**ACTIVITY**:
Starting from the line with "SIR ALLIOTT VERDON-ROE, Q.B.E." and going up to and including the line with "Listing is for", copy the listing below exactly. Leave all images out.

**RECORDS FOR THIS TASK**:
-=-=-=-=-
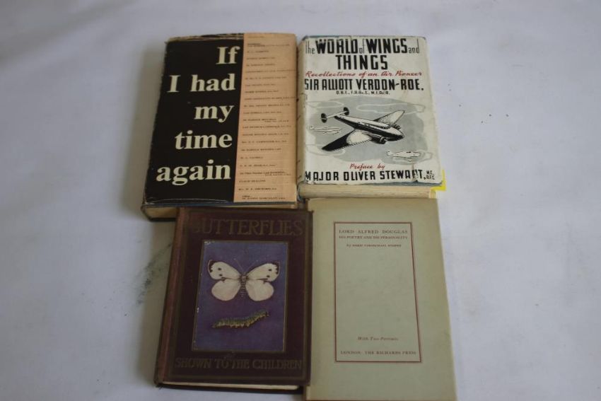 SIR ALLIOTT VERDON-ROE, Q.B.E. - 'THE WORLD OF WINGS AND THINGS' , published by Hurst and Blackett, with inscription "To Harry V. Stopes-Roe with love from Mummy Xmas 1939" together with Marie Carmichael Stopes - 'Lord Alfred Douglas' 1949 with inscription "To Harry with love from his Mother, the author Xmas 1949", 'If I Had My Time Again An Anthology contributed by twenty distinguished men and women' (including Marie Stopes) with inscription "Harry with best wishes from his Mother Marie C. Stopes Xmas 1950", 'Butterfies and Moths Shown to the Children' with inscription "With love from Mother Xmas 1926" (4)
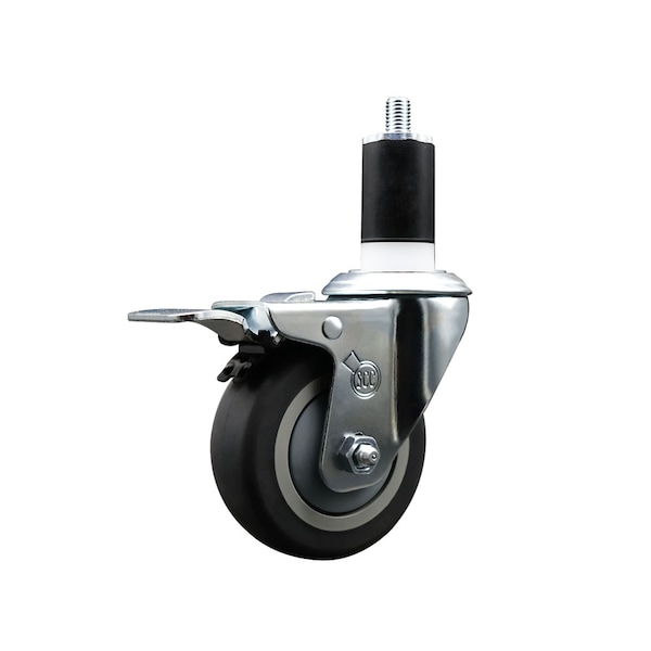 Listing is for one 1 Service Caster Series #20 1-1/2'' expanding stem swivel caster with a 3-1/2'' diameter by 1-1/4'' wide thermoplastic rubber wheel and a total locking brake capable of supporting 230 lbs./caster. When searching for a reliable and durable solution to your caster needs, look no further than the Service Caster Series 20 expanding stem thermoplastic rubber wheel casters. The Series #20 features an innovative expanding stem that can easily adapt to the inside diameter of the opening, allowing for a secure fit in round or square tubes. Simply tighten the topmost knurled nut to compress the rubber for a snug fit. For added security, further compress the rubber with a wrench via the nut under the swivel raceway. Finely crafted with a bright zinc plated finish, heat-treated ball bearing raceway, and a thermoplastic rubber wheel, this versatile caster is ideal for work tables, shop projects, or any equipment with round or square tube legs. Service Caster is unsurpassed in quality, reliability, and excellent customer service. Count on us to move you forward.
-=-=-=-=-
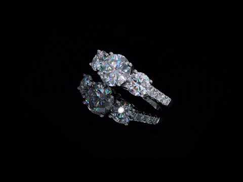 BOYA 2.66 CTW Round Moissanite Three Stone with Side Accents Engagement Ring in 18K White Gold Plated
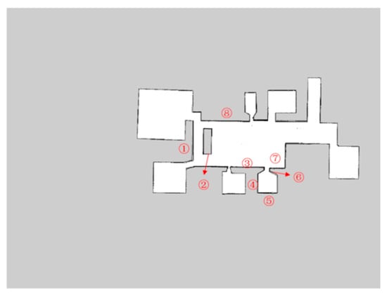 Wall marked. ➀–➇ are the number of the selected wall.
-=-=-=-=-
**THE ANSWER**:
 SIR ALLIOTT VERDON-ROE, Q.B.E. - 'THE WORLD OF WINGS AND THINGS' , published by Hurst and Blackett, with inscription "To Harry V. Stopes-Roe with love from Mummy Xmas 1939" together with Marie Carmichael Stopes - 'Lord Alfred Douglas' 1949 with inscription "To Harry with love from his Mother, the author Xmas 1949", 'If I Had My Time Again An Anthology contributed by twenty distinguished men and women' (including Marie Stopes) with inscription "Harry with best wishes from his Mother Marie C. Stopes Xmas 1950", 'Butterfies and Moths Shown to the Children' with inscription "With love from Mother Xmas 1926" (4)
 Listing is for one 1 Service Caster Series #20 1-1/2'' expanding stem swivel caster with a 3-1/2'' diameter by 1-1/4'' wide thermoplastic rubber wheel and a total locking brake capable of supporting 230 lbs./caster. When searching for a reliable and durable solution to your caster needs, look no further than the Service Caster Series 20 expanding stem thermoplastic rubber wheel casters. The Series #20 features an innovative expanding stem that can easily adapt to the inside diameter of the opening, allowing for a secure fit in round or square tubes. Simply tighten the topmost knurled nut to compress the rubber for a snug fit. For added security, further compress the rubber with a wrench via the nut under the swivel raceway. Finely crafted with a bright zinc plated finish, heat-treated ball bearing raceway, and a thermoplastic rubber wheel, this versatile caster is ideal for work tables, shop projects, or any equipment with round or square tube legs. Service Caster is unsurpassed in quality, reliability, and excellent customer service. Count on us to move you forward.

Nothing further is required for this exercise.